- [Required work]:
Your answer should be the lines below from the one holding "震源地 | パプアニューギニアのFinschhafenから北北西114kmの地点 |" through the one holding "motif cool avec", copied exactly and with nothing else.

- [The data]:

┄┄┄┄┄┄

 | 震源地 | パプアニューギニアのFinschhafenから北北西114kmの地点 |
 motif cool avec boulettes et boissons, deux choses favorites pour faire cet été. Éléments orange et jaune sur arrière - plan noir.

┄┄┄┄┄┄

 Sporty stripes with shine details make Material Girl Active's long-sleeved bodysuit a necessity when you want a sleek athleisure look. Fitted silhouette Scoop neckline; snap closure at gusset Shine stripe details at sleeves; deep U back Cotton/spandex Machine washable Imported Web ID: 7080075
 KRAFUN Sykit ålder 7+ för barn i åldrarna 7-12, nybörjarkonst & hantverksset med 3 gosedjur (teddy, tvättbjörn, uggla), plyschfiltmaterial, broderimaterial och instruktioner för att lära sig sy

┄┄┄┄┄┄

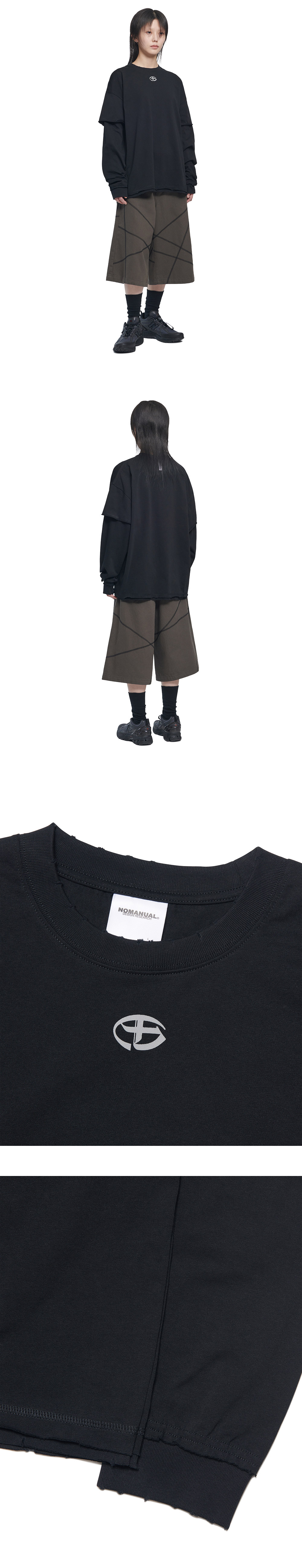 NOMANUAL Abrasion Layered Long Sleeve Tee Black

┄┄┄┄┄┄

- [Completed task]:
 | 震源地 | パプアニューギニアのFinschhafenから北北西114kmの地点 |
 motif cool avec boulettes et boissons, deux choses favorites pour faire cet été. Éléments orange et jaune sur arrière - plan noir.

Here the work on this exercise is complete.